The Spasskaya (meaning Saviour's) Tower was erected in 1491 by architect Pietro Antonio Solari. Its construction marked the beginning of the development of the eastern line of the Kremlin fortifications. The tower is located on the site of Frolovskaya Strelnitsa of 1367-1368. Its gates, facing Red Square, have always been the main ceremonial entrance to the Kremlin. They were particularly revered by the people and considered holy. The gates served for departures of the tsar, solemn passages of the patriarch, meeting foreign ambassadors.

The tower has a tetrahedral form and a powerful diverted fighting platform adjoined closely to it and used for protecting the gate entrance. It was closed by a vertical sliding iron grille - herse. If the enemy penetrated the fighting platform, the herses were lowered, and the enemy got locked in a kind of stone trap. The enemy was shot at from the upper gallery of the fighting platform.
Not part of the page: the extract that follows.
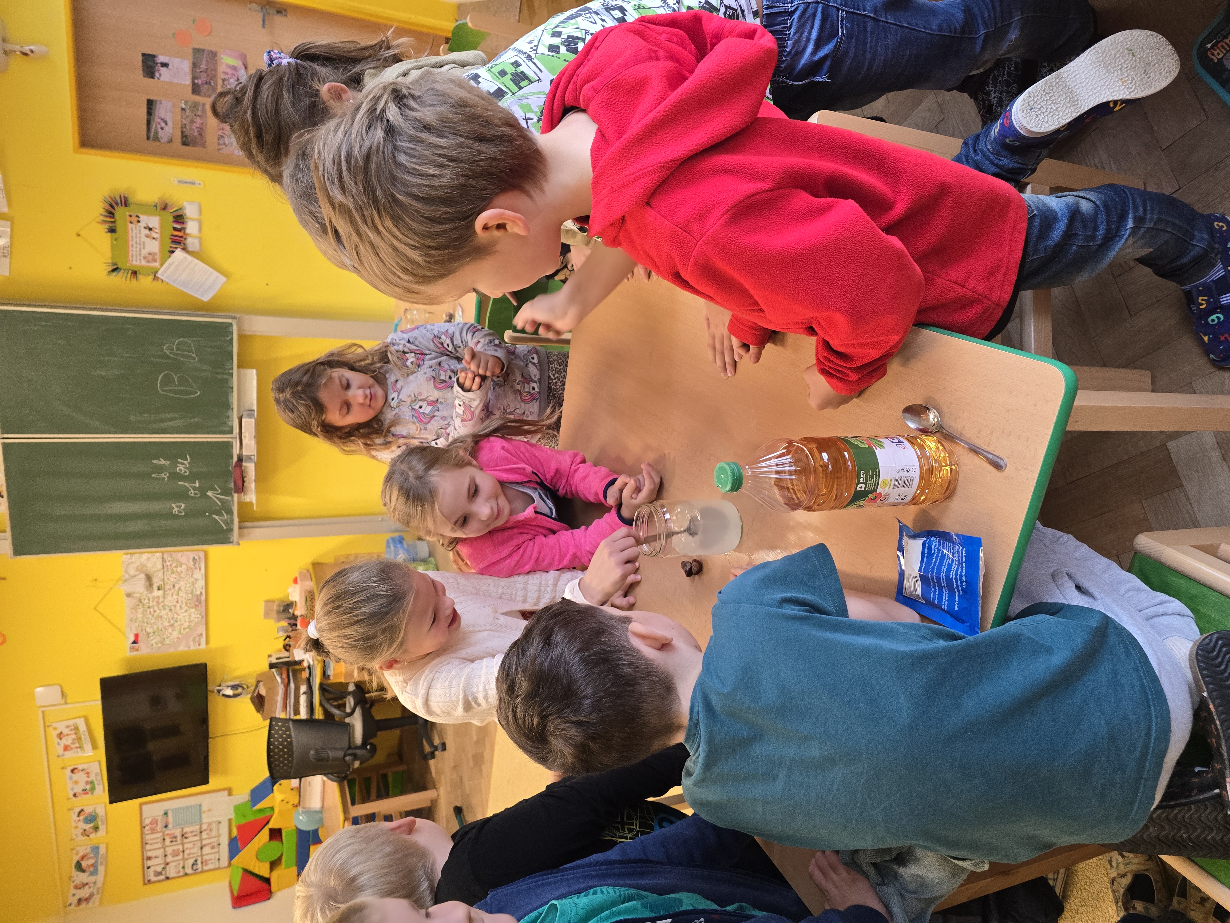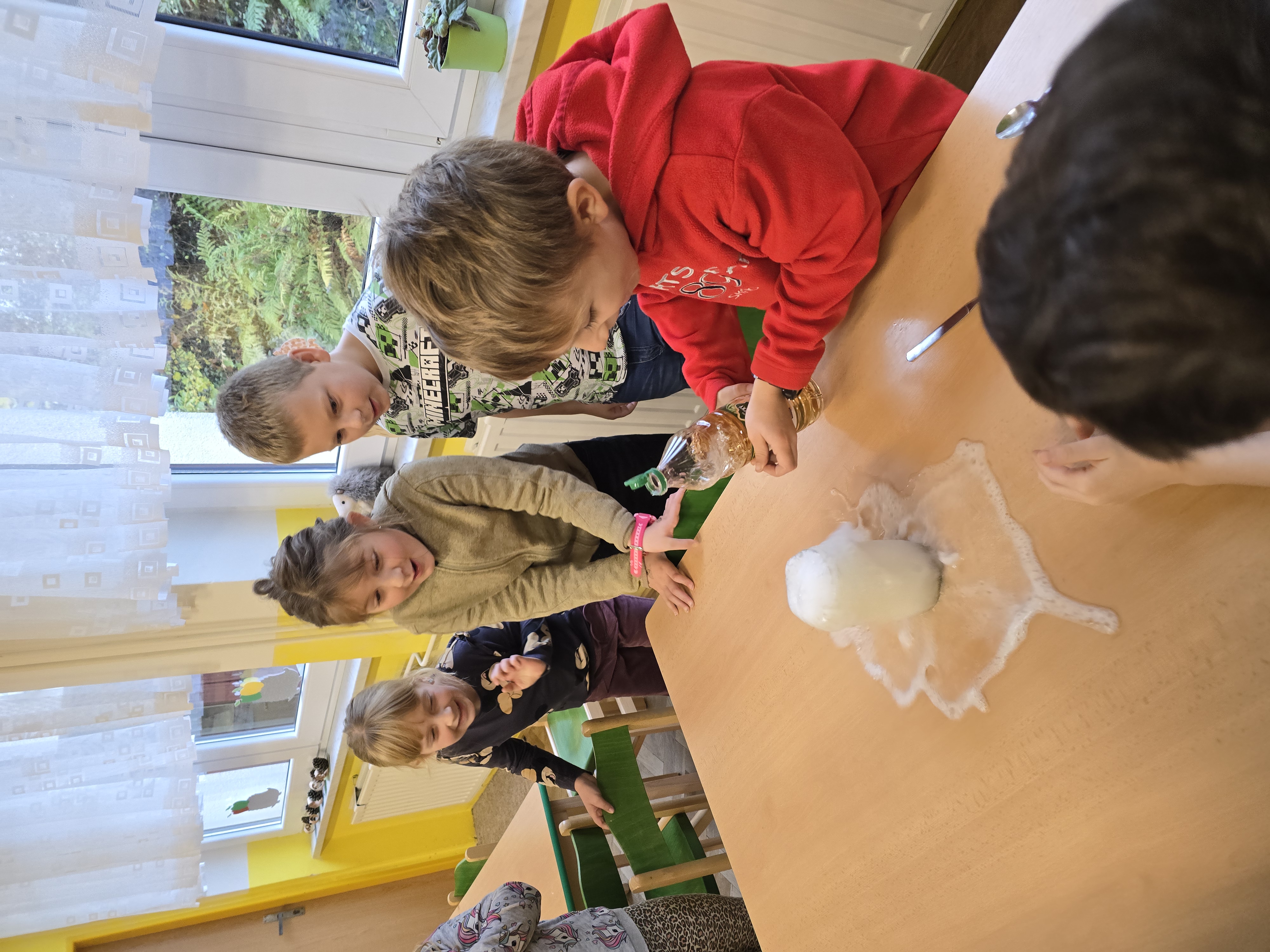 Vzniklo bublání, syčení i malá ,,erupce“ a spousta otázek o tom, jak to vlastně funguje. Byla to skvělá příležitost poznat, jak probíhají reakce, pozorovat změny. Děti si vyzkoušely roli malých badatelů a s nadšením pozorovaly, jak „věda ožívá“ v praxi. ![]()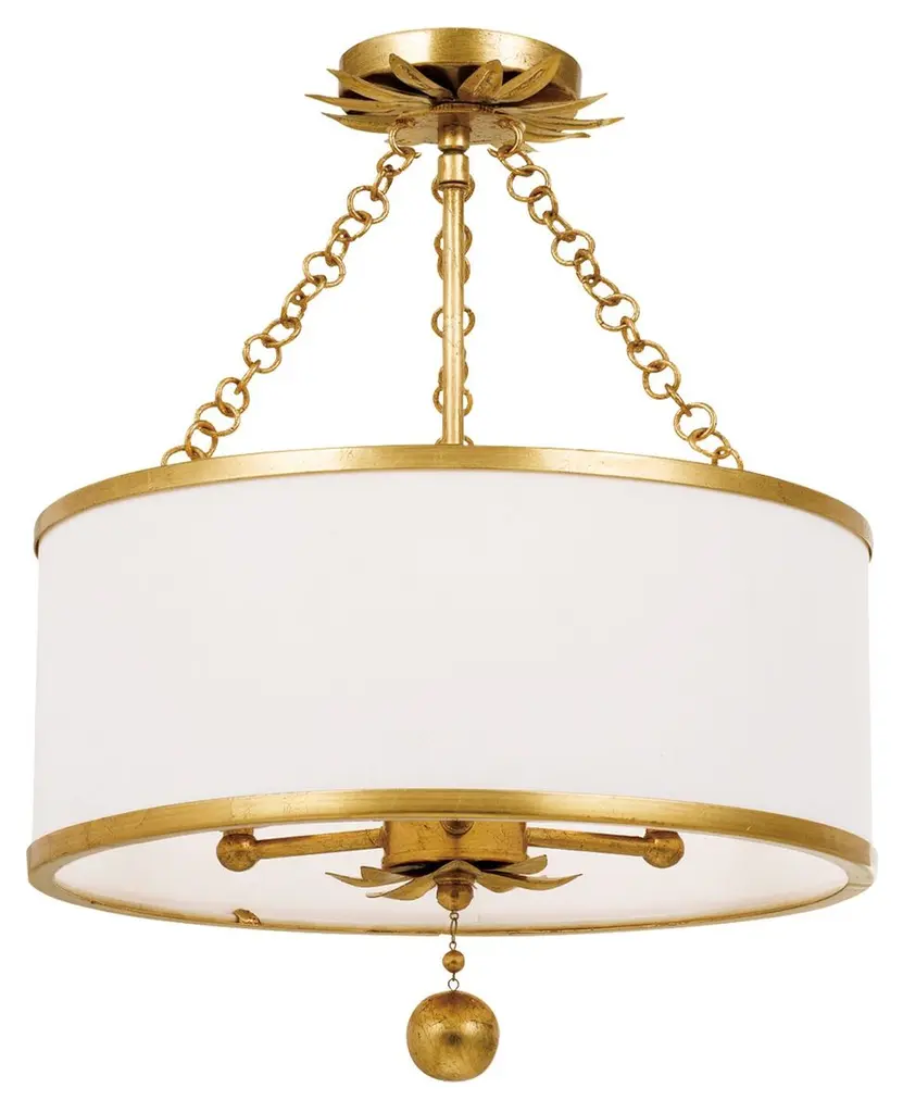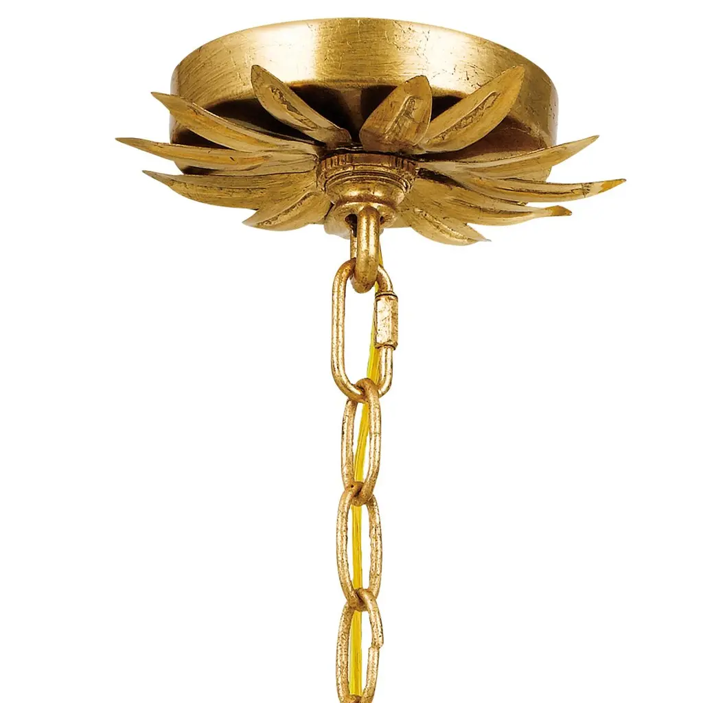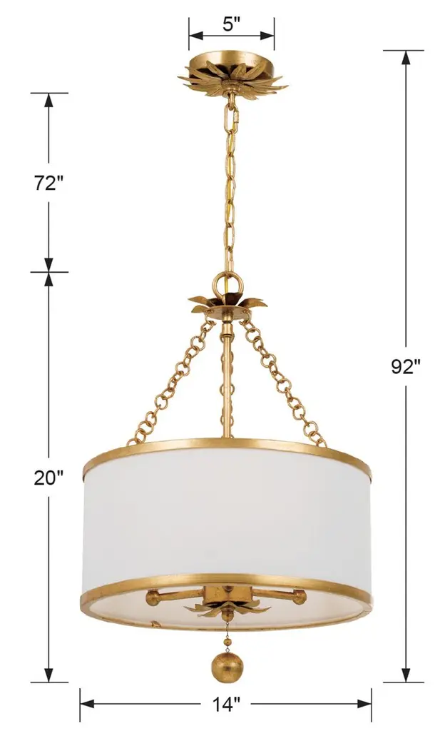 A wonderful way to add distinctive style to your decor, this versatile chandelier is crafted of wrought iron in an antiqued finish with shapely petal detailing and a white linen shade. Hardwired.

Even today, the façade of the tower preserves apertures through which chains were passed to raise and lower an especial wooden flooring of the bridge, and grooves in the gate passage through which the metal grille went.  Elevating bridges were lowered from the gate of the fighting platform.

Above the gate of the diverted fighting platform and the gates of the Spasskaya Tower from the Kremlin territory, there are inscriptions in Russian and Latin on white-stone boards telling about the time of its construction: "In the summer of 6999 (1491 year - ed.), in July, this tower was made by the grace of God by order of Ivan Vasilievich, Sovereign and Autocrat of all Russia and Grand Prince of Vladimir and Moscow and Novgorod and Pskov and Tver and Ugra and Vyatka and Perm and Bulgaria and others in 30 years of his state, and was made by Peter Antony Solario from Mediolan' (Milan - ed.)".
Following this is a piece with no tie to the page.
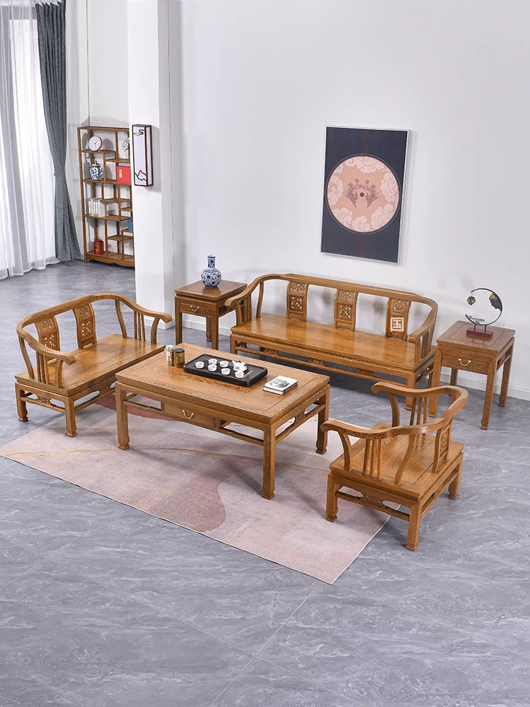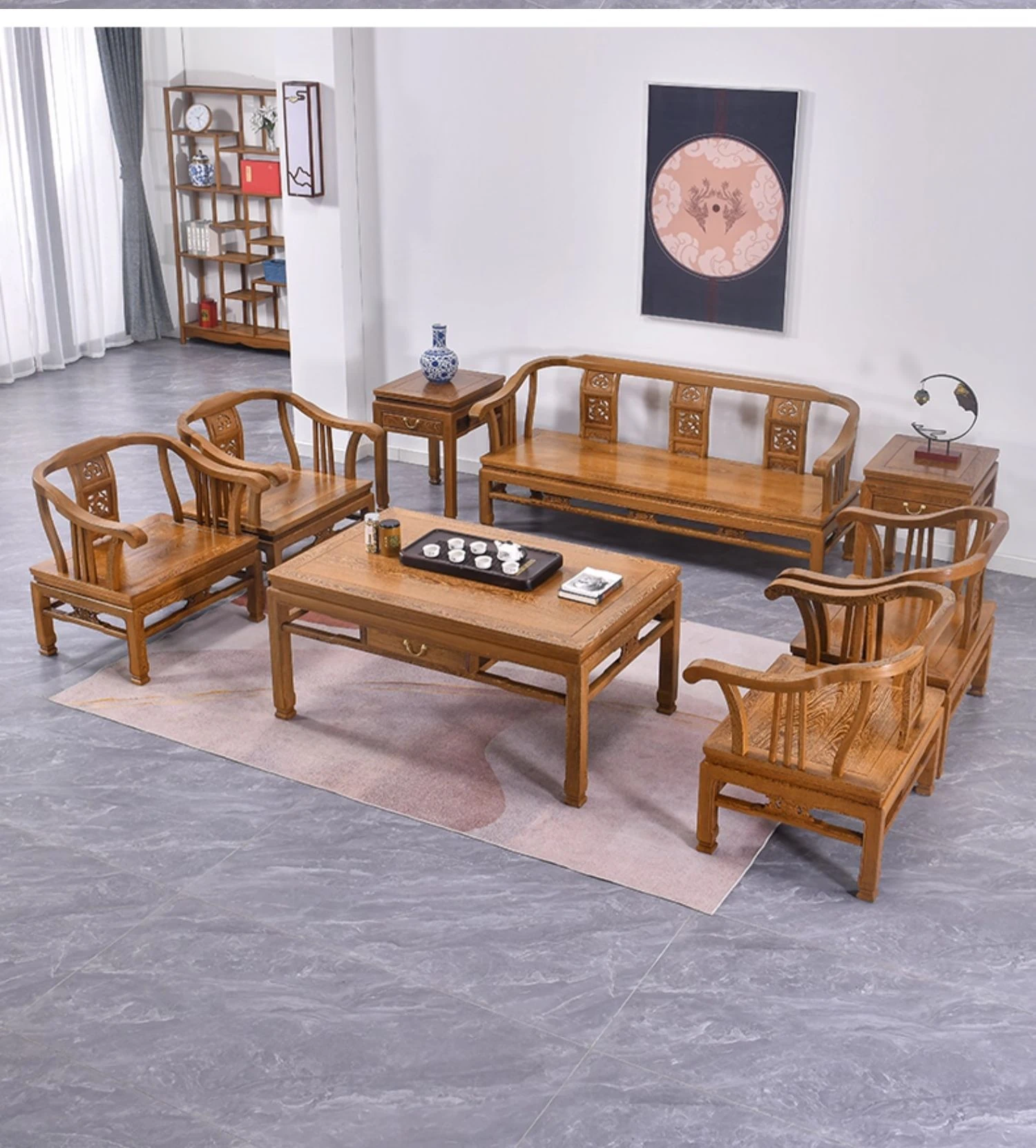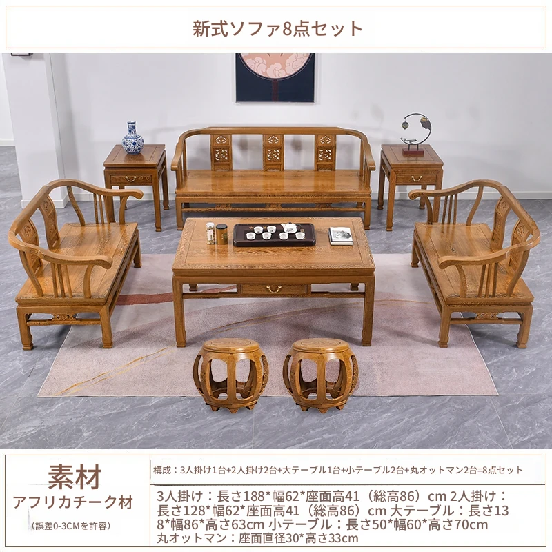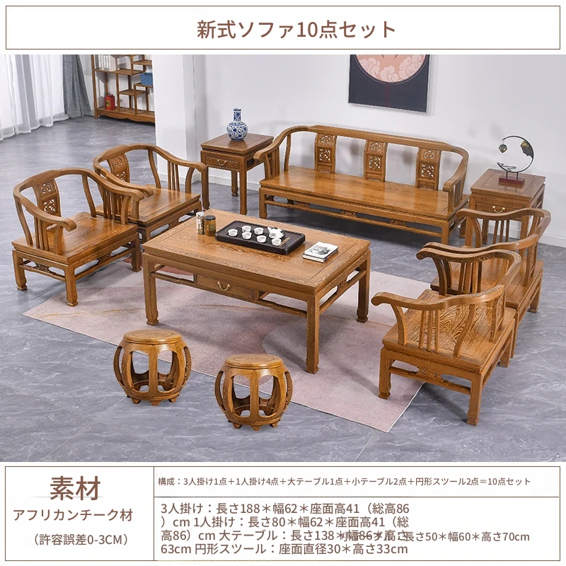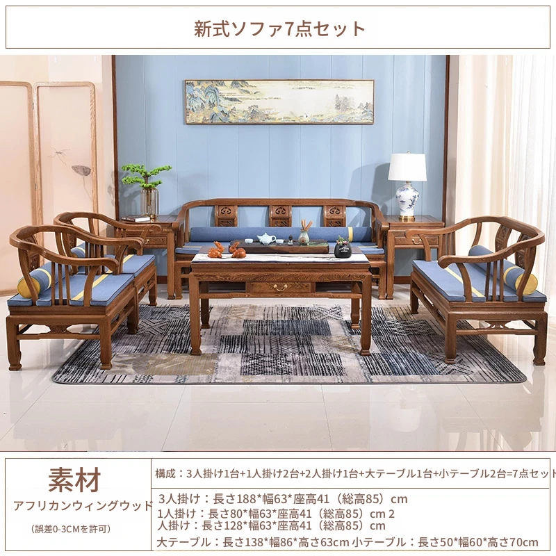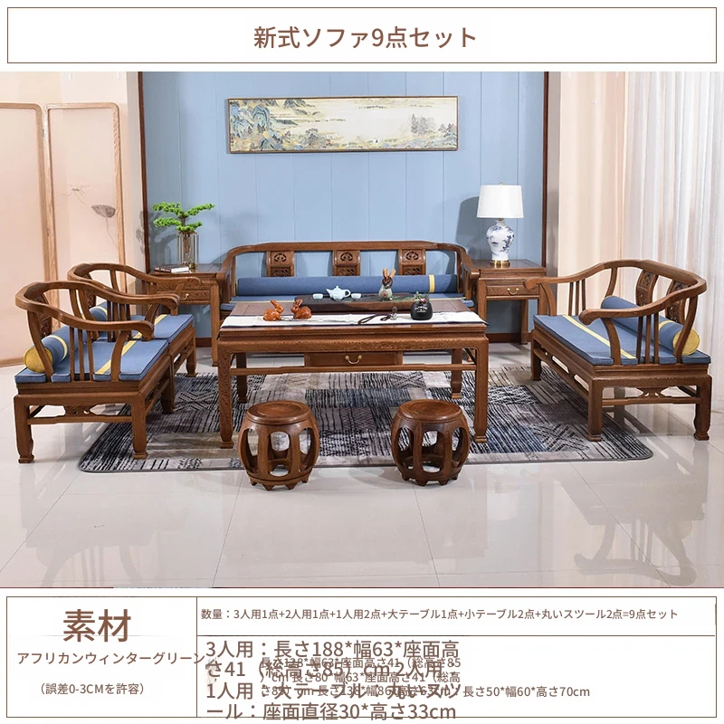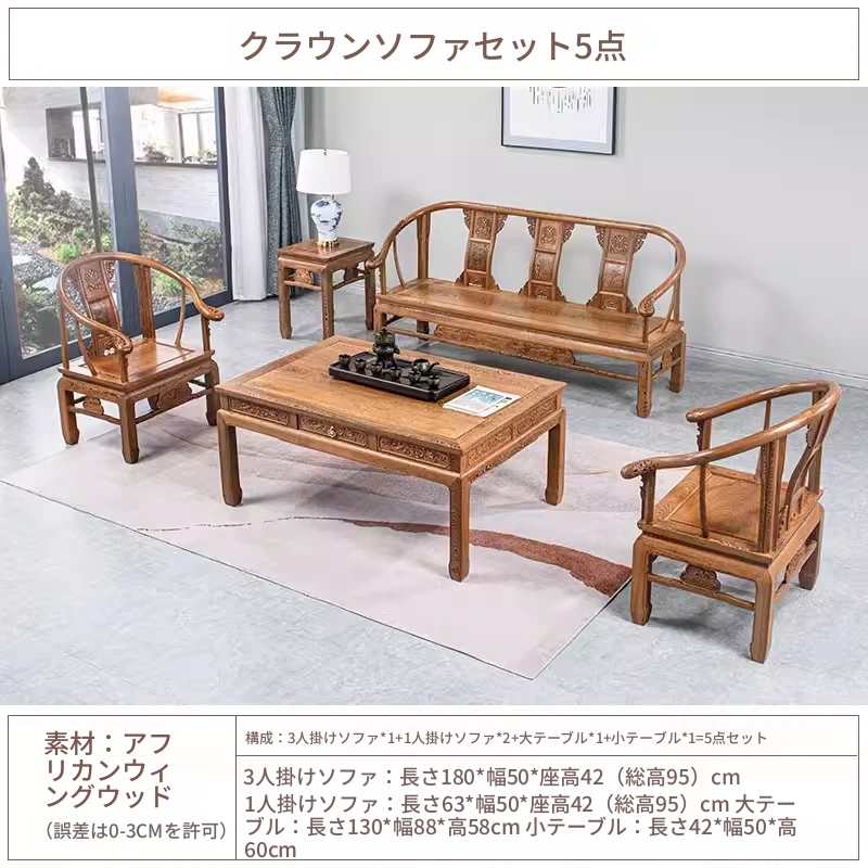 芸名天下 高級紅木家具 鳥の羽木製ソファセット 新中式スタイル テーブルとチェアのコンビネーション リビングルーム用 3人掛けソファの贅沢なデザインで、あなたの空間を華やかに演出します!

Originally the tower was called Frolovskaya because of the Church of Sts Frol and Laurus situated close to it in the Kremlin. In 1516 a wooden bridge was thrown across the moat from the tower. At the end of the 16th century, the building had a hipped roof and a double-headed eagle on top. By the decree of Tsar Alexey Mikhailovich dated 16 April 1658, the tower was called Spasskaya. The new name was connected with the icon of Christ of Edessa placed over the gates from the side of Red Square. The icon itself has not survived, but the place where it hung is clearly seen.
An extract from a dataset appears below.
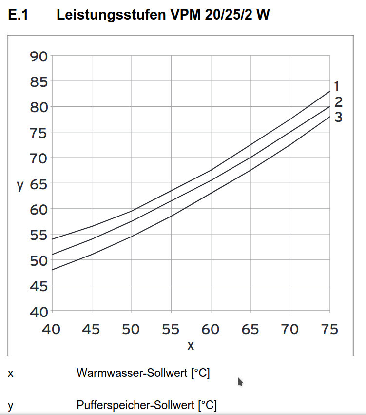 Ich wende mich jetzt mal HILFESUCHEND an die Mitstreiter mit Trinkwasserstation. Ich hatte mein Problem ja schon mal erklärt. Kurzum: Man stellt die Warmwasser Wunschtemperatur ein. Der Speicher wird immer nur genau auf die Warmwasser Wunschtemperatur hochgeladen, egal ob Leistungsstufe 1 oder 3. Eigentlich müsste die Speicher Solltemp höher liegen, siehe hier: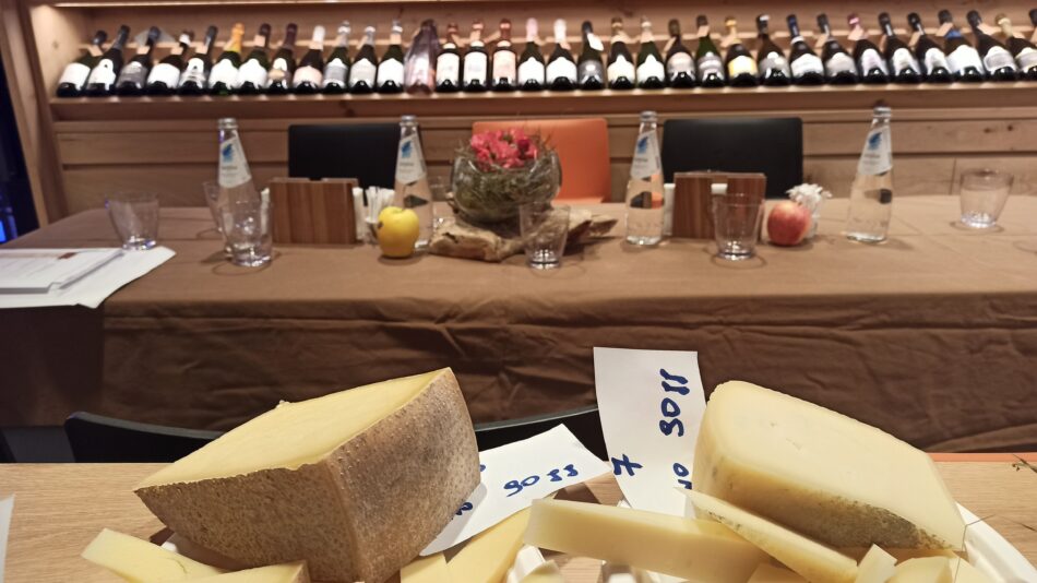 Si è svolta ieri, all’interno della settimana dedicata alle Giovenche di razza Rendena, la terza edizione del concorso “Formaggi di razza Rendena”, organizzata dalla Pro Loco di Pinzolo e dall’Associazione Allevatori di Razza Rendena ANARE. Al mattino presto la giuria, presieduta dal docente ONAF Giampaolo Gaiarin, ha proceduto alla valutazione dei formaggi in concorso, suddivisi nelle quattro categorie previste. Il lavorio dei giurati si è svolto nella sala “Bollicine di montagna” dell’Alimentari Caola,

In 1624-1625 the Russian architect Bazhen Ogurtsov and the English master Christopher Galloway erected a multi-tiered top above the tower, finishing with a stone marquee. It was the first hipped roof among the Kremlin towers. The lower part of the building was decorated with a white-stone chiselled arched belt, turrets, and pyramids. There appeared fantastic figures whose nudity was bashfully covered with specially sewn clothes by order of Tsar Mikhail Fyodorovich. The tower was rightly considered the most beautiful and harmonious tower of the Kremlin. Unfortunately, when it was under reconstruction, the white-stone reliefs by V. Yermolin, made for the Frolovskye Gate in the time of Dmitry Donskoy, were removed from its façades. They depicted the patrons of the Moscow princes - St George the Victorious and St Dmitry Solunsky. (A fragment of the relief of St George is stored today in the Tretyakov Gallery).

In the 17th century, a stone arch bridge was thrown across the moat to the Spasskaya Tower gates, on which a lively trade took place. In the 1650s, the hipped roof of the main tower of the Kremlin was topped with the coat of arms of the Russian state — a two-headed eagle. Later, similar coats of arms were placed on the highest towers - Nikolskaya, Trotskaya and Borovitskaya.

The first clock on the Spasskaya Tower was installed according to the design of Christopher Galloway. In 1707 the Dutch chimes with music replaced them. In 1763 the clock was replaced again, and in 1851 those chimes underwent total repair by brothers N.N. and I.N. Butenop. In 1920, during the reconstruction of the Spasskaya Tower, the musician M.M. Cheremnykh and the mechanic N.V. Behrens, having repaired the clock, picked out a tune of the International on the chimes.

The star on the Spasskaya Tower was first installed in 1935. A new one with a wingspan of 3.75 metres was placed there in 1937. A lamp with a power of 5000 watts burns 24 hours a day inside the star. The star rotates in the wind like a weather vane.

The Spasskaya Tower has ten floors.

Its height until the star is 67.3 metres, with the star - 71 meters.